The official CPython core development team has finally switched from Subversion to Mercurial, after years of planning. This is very good news for both core developers and casual contributors.

Working with Subversion when you can't commit changes is very frustrating, because you're basically without source control. For experienced developers accustomed to having a VCS to protect them at all times, this is hard to get used to. Personally, before I became a core Python developer I was using my own Mercurial clone to work on patches locally before submitting them to the Issue tracker.

Now, everyone interested contributing to Python can clone the repository and do his work locally, committing changes to his heart's wishes and enjoying all the benefits of source control. I think this makes the contribution process easier and has a chance to attract more contributors to the project, which would be great. Not to mention that Mercurial is IMHO a better and more powerful VCS than Subversion in general.

Core developers also benefit from the power of Mercurial vs. Subversion, especially when working on non-trivial patches that take longer than a couple of hours to develop. These changes can be managed either by commits to a local repo (with a collapse of all commits to a single one before pushing), or using the mq extension (which is recommended by the new developer guide).

The full local repo is also a blessing in at least two other use cases:

  1. Perusing the repo logs and diffing old revisions is now almost instant, since the whole repo is local - this is an important time-saver when doing some archaeological research on the code-base (which has to be done quite often in complex long-running projects).
  2. You have all the history and can commit changes even when offline.

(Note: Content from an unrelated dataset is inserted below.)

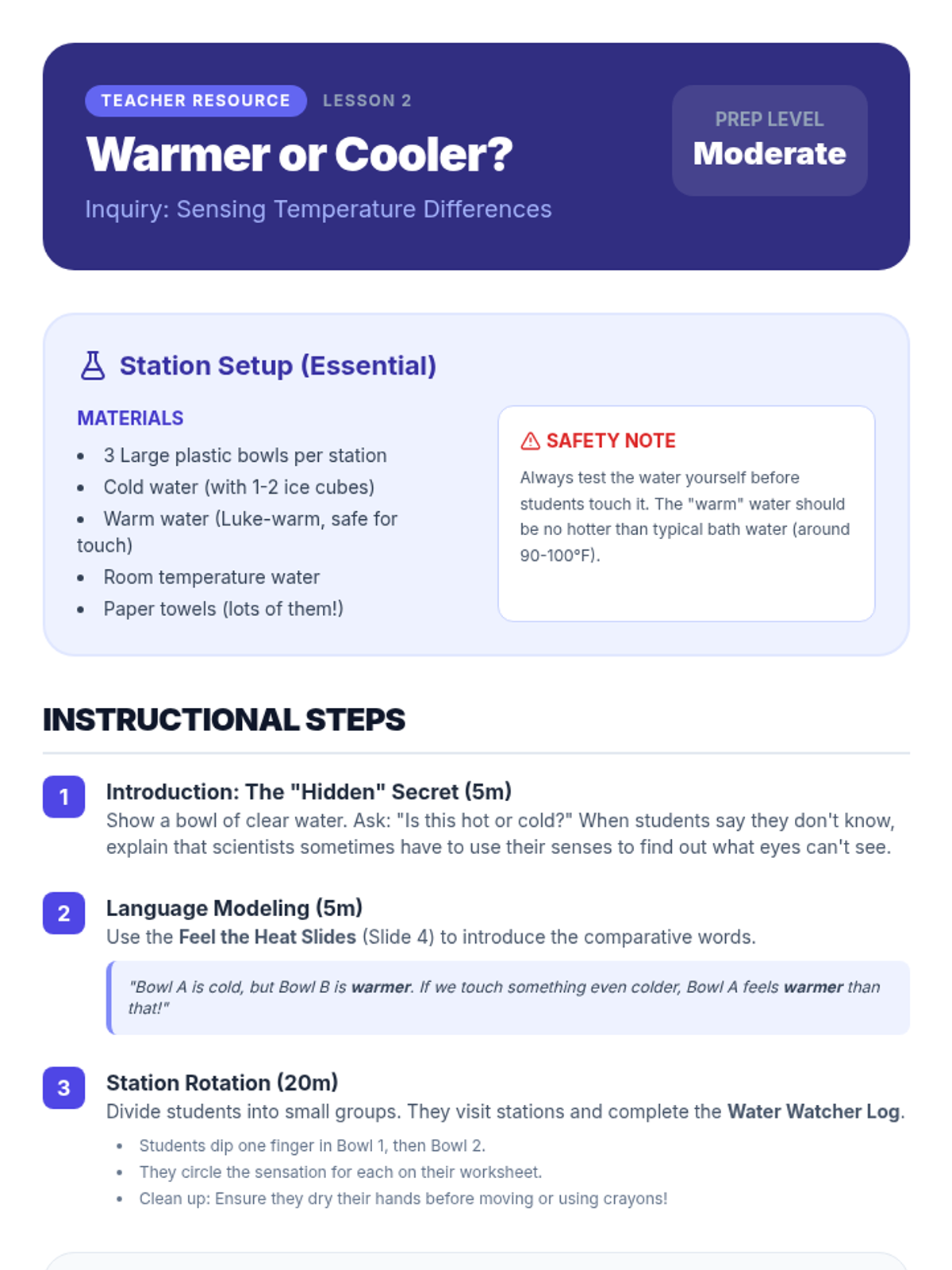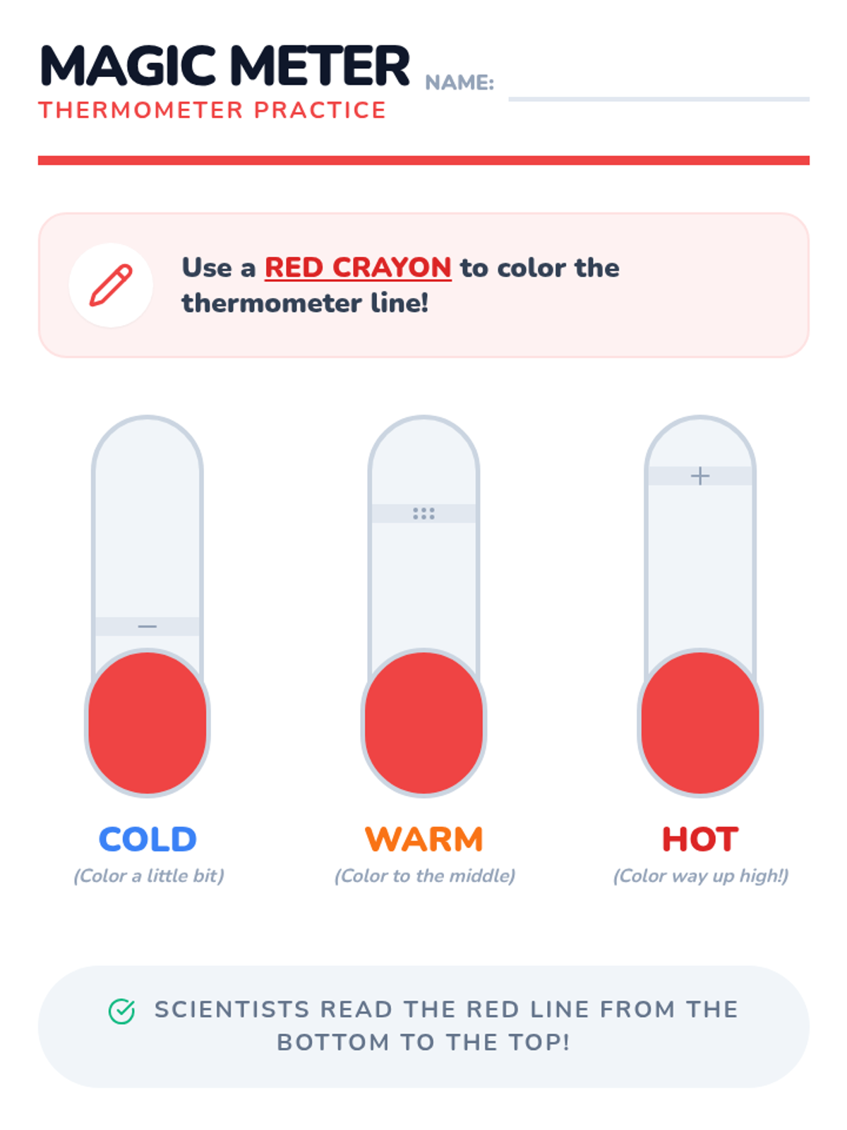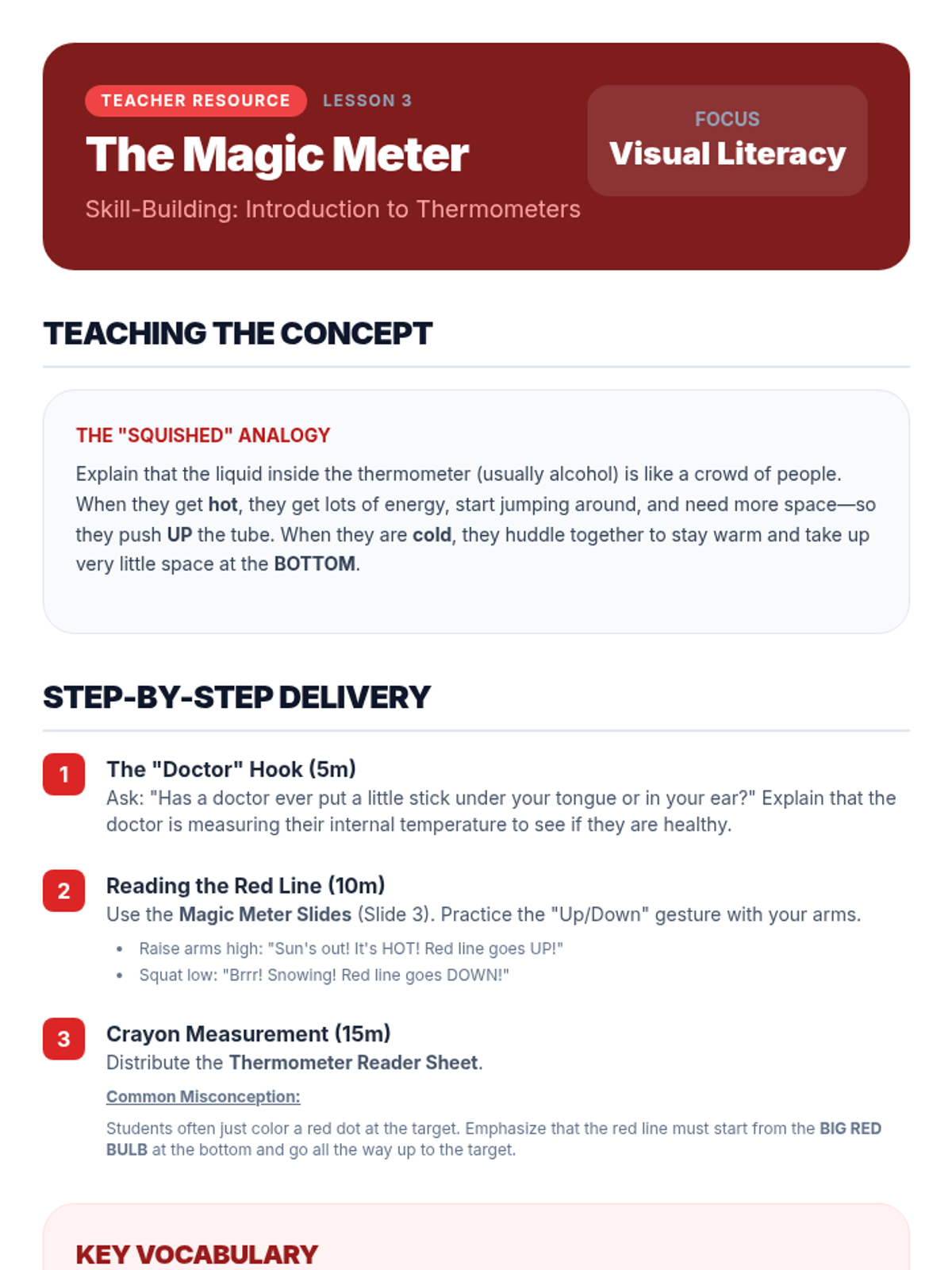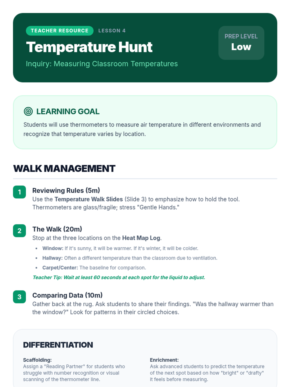 A Kindergarten sequence focused on temperature vocabulary, sensing differences, using thermometers, and identifying heat sources safely. Students transition from sensory observation to scientific measurement.

Mercurial manages these repositories in a highly space-efficient manner. On my Ubuntu machine, a Mercurial repo of py3k (the latest development revision) with the executables and docs built is only 50% larger than the corresponding Subversion working directory. Not much of an overhead for having the full project history locally. Mercurial's local clones use hard links, so having multiple clones of the same repo locally is almost free in terms of disk space.

Moving to Mercurial is also a kind-of dogfooding for Python, since Mercurial is one of the best known pure-Python projects. Being written in Python means that it's very easy to develop plugins and custom extensions for Mercurial. In fact, the Python core devs have already implemented a few useful plugins - for example one that sends automatic messages to the issue tracker once a commit is made that mentions some issue. This is very useful for "done, committed in revision XXX" notes on the tracker, which one used to have to remember adding, and now are done automatically.